* _Source material_
※

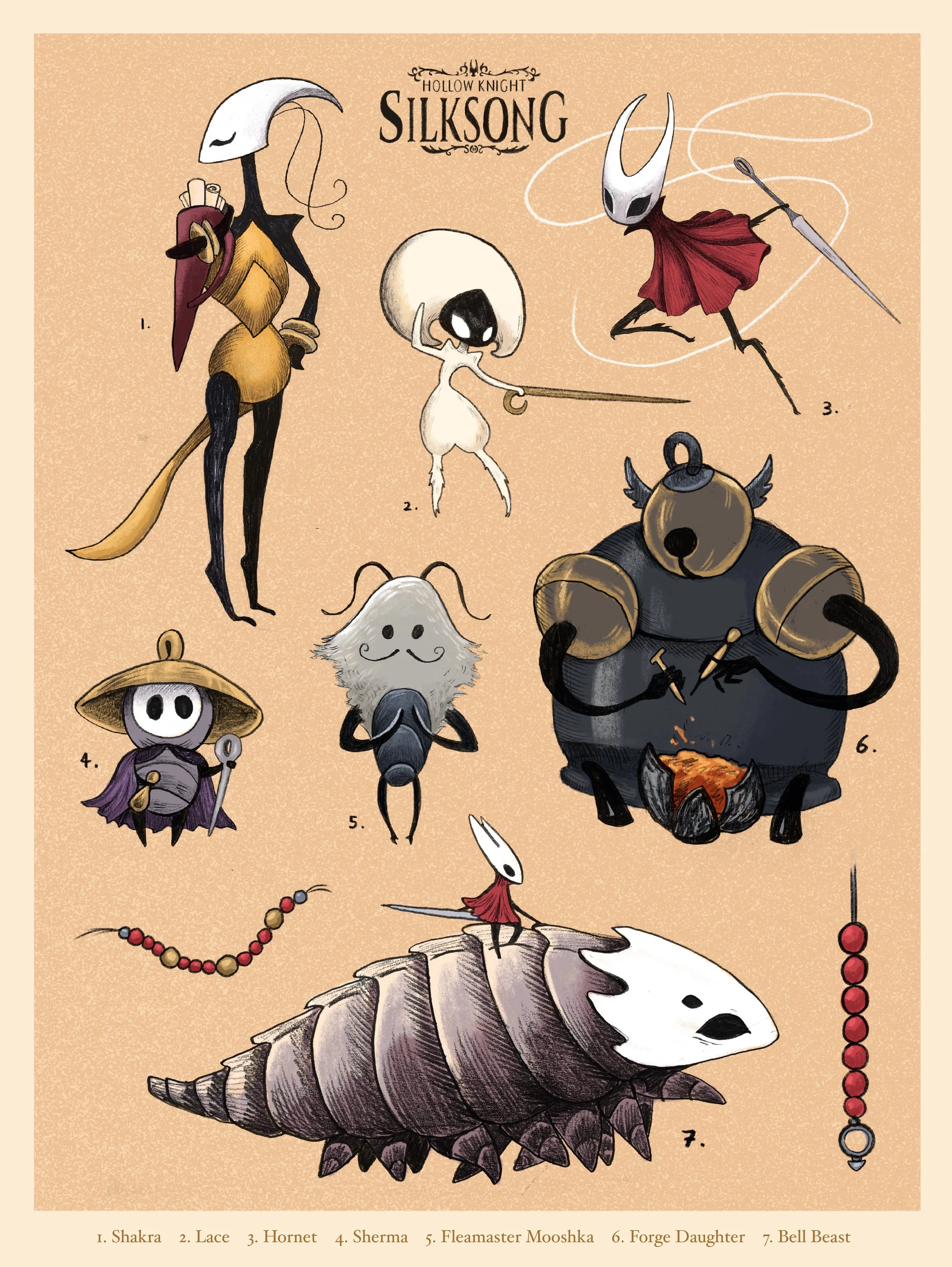 A poster design inspired by the eclectic bug characters in the game ‘Hollow Knight: Silksong’.
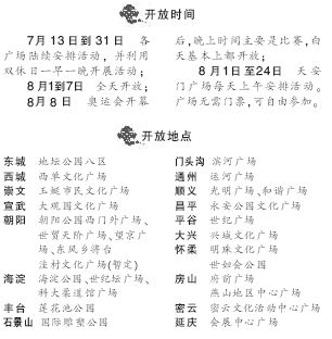 北京26處奧運文化廣場從7月13日起免費開放
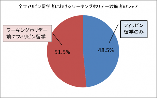実際に、当社の全フィリピン留学渡航者の約半数がワーキングホリデー渡航前の英語学習の場としてフィリピン留学を活用していることからも、フィリピン留学とワーキングホリデーを組み合わせた渡航プランは、英語力向上と現地での就労において相乗効果が見込めることを示しています。
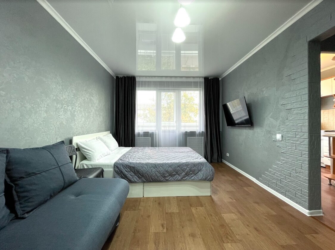 Un apartamento de lujo de 1 dormitorio en el centro de la ciudad. La ubicación es muy céntrica. Alojarse en el apartamento te dará emociones vívidas y querrás volver aquí otra vez. El apartamento está equipado con todos los electrodomésticos necesarios, una cama doble con colchón ortopédico (colchón con relleno de coco), un proyector, WIFI ilimitado, así como un sofá para una estancia cómoda.
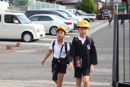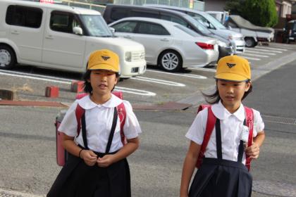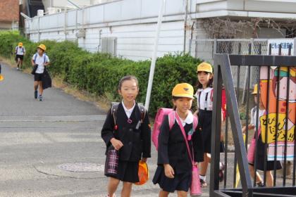 写真上:いつも二人仲良く登校。「おはようございます」。
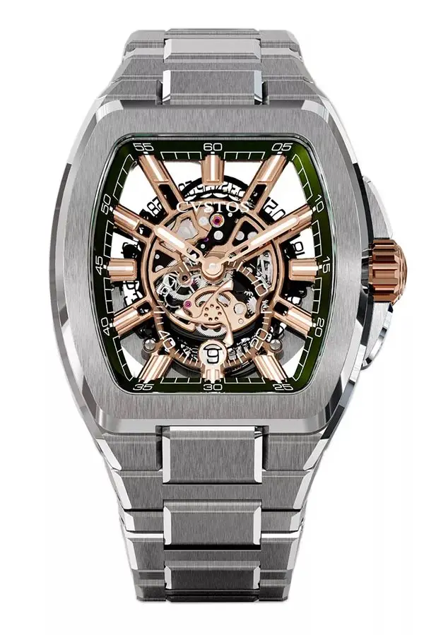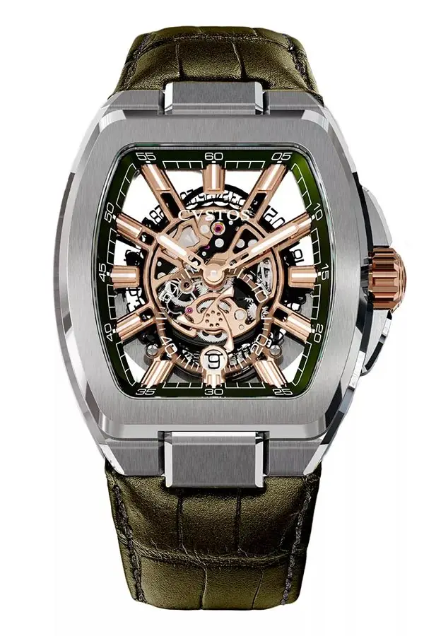 其 酒桶形钛金属表壳,尺寸为 51 x 42 毫米,兼具坚固感与轻盈佩戴体验。钛金属不仅耐用,还带来极高舒适度。蓝宝石水晶镜面保护下是迷人的 金色镂空表盘,展现 CVS410 SQLT 自动上链机芯 的复杂美学,具备 约 42 小时动力储存。
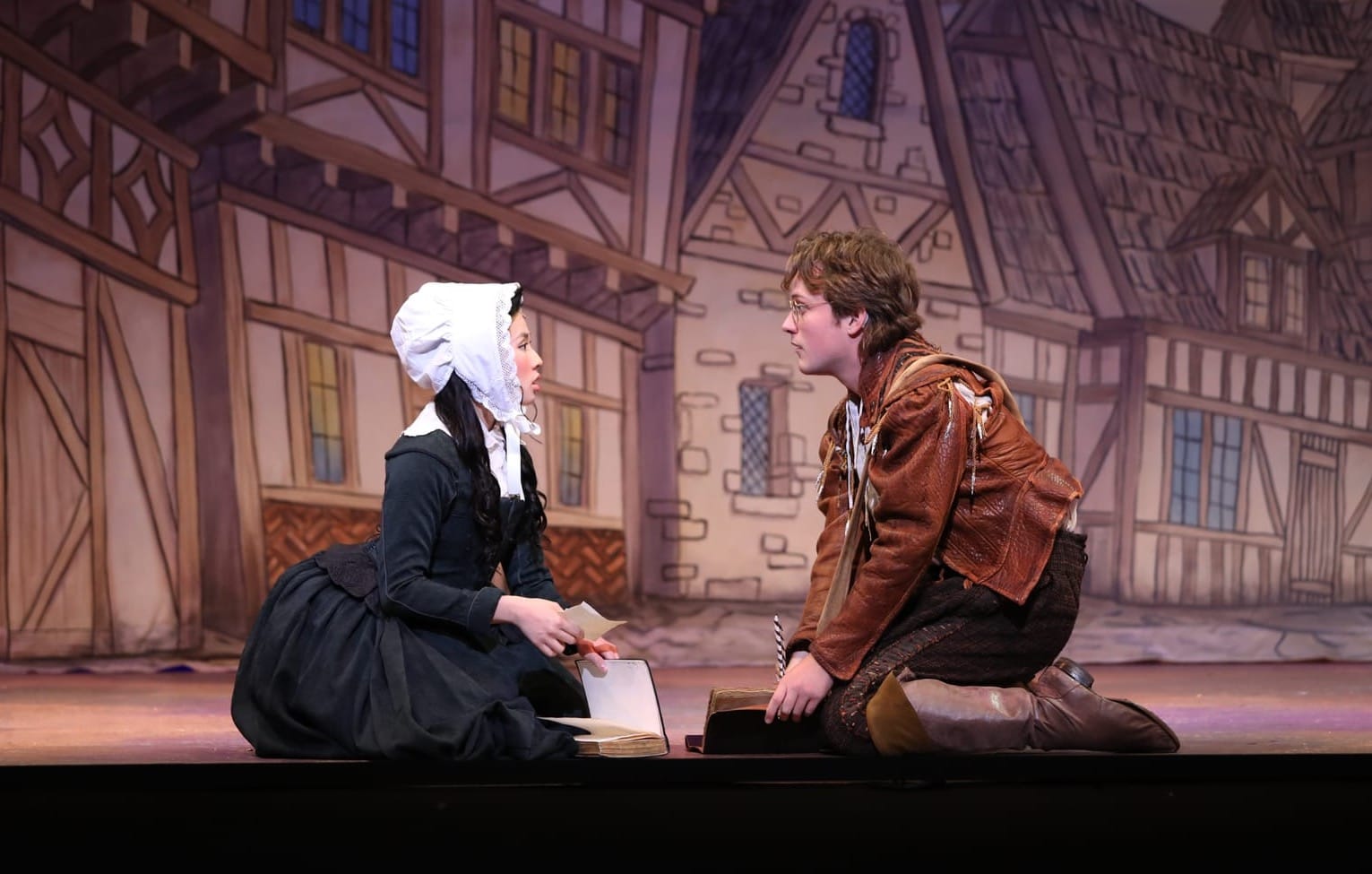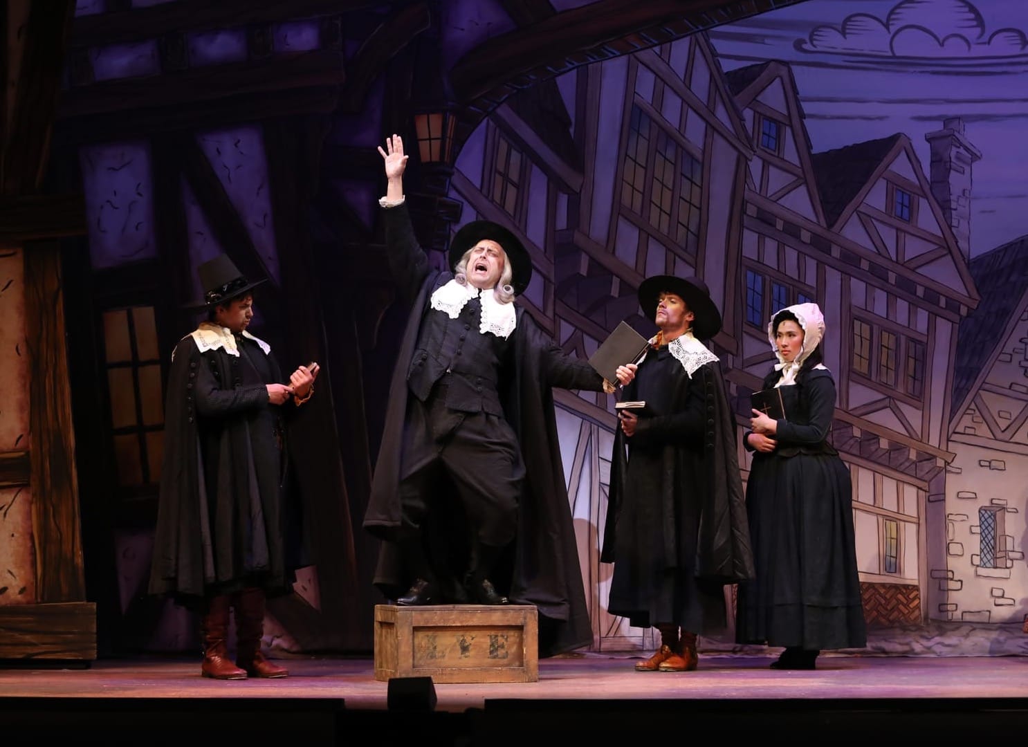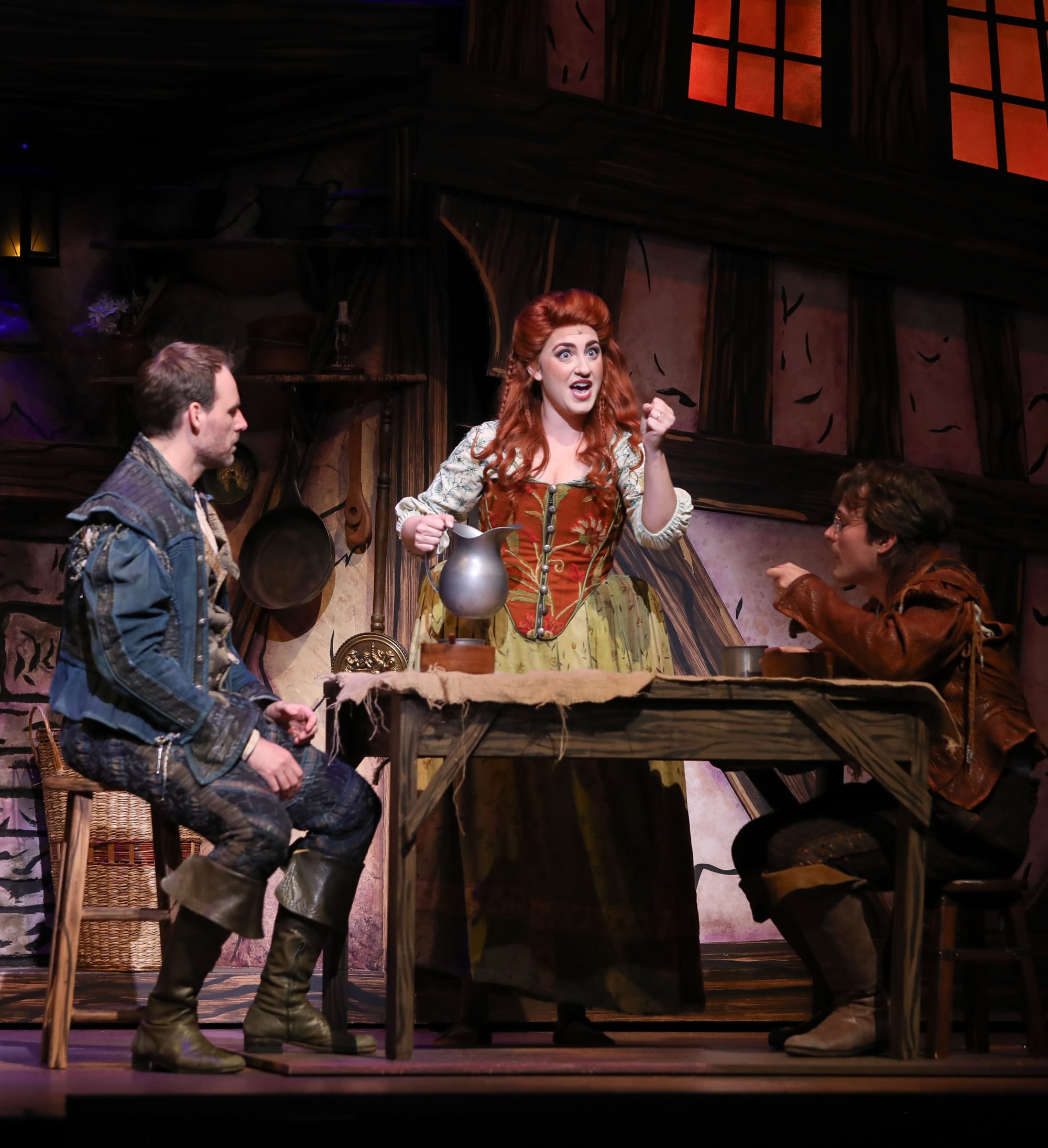 Talk about commitment to the concept! Everyone on stage is full-tilt in it. When they are sincere, it’s honestly moving. When they are silly, totally absurd. This is true all around. In addition to Harvey’s Shakespeare, highlights include Coles and Thoebald Jr.’s Bottom Brothers, John Scherer as the very-nearly-accurate prognosticator Nostradamus, Steve Hitchcock’s side-splitting send-up of uptight preacher Brother Jeremiah, and Chelsey Lynn Alfredo as the loyal, rough-and-tumble Bea.

※

Leave out the pictures, then reproduce exactly the run of lines from the one that contains "実際に、当社の全フィリピン留" to the final line of the listing above.

* _Task solution_
実際に、当社の全フィリピン留学渡航者の約半数がワーキングホリデー渡航前の英語学習の場としてフィリピン留学を活用していることからも、フィリピン留学とワーキングホリデーを組み合わせた渡航プランは、英語力向上と現地での就労において相乗効果が見込めることを示しています。
 Un apartamento de lujo de 1 dormitorio en el centro de la ciudad. La ubicación es muy céntrica. Alojarse en el apartamento te dará emociones vívidas y querrás volver aquí otra vez. El apartamento está equipado con todos los electrodomésticos necesarios, una cama doble con colchón ortopédico (colchón con relleno de coco), un proyector, WIFI ilimitado, así como un sofá para una estancia cómoda.
 写真上:いつも二人仲良く登校。「おはようございます」。
 其 酒桶形钛金属表壳,尺寸为 51 x 42 毫米,兼具坚固感与轻盈佩戴体验。钛金属不仅耐用,还带来极高舒适度。蓝宝石水晶镜面保护下是迷人的 金色镂空表盘,展现 CVS410 SQLT 自动上链机芯 的复杂美学,具备 约 42 小时动力储存。
 Talk about commitment to the concept! Everyone on stage is full-tilt in it. When they are sincere, it’s honestly moving. When they are silly, totally absurd. This is true all around. In addition to Harvey’s Shakespeare, highlights include Coles and Thoebald Jr.’s Bottom Brothers, John Scherer as the very-nearly-accurate prognosticator Nostradamus, Steve Hitchcock’s side-splitting send-up of uptight preacher Brother Jeremiah, and Chelsey Lynn Alfredo as the loyal, rough-and-tumble Bea.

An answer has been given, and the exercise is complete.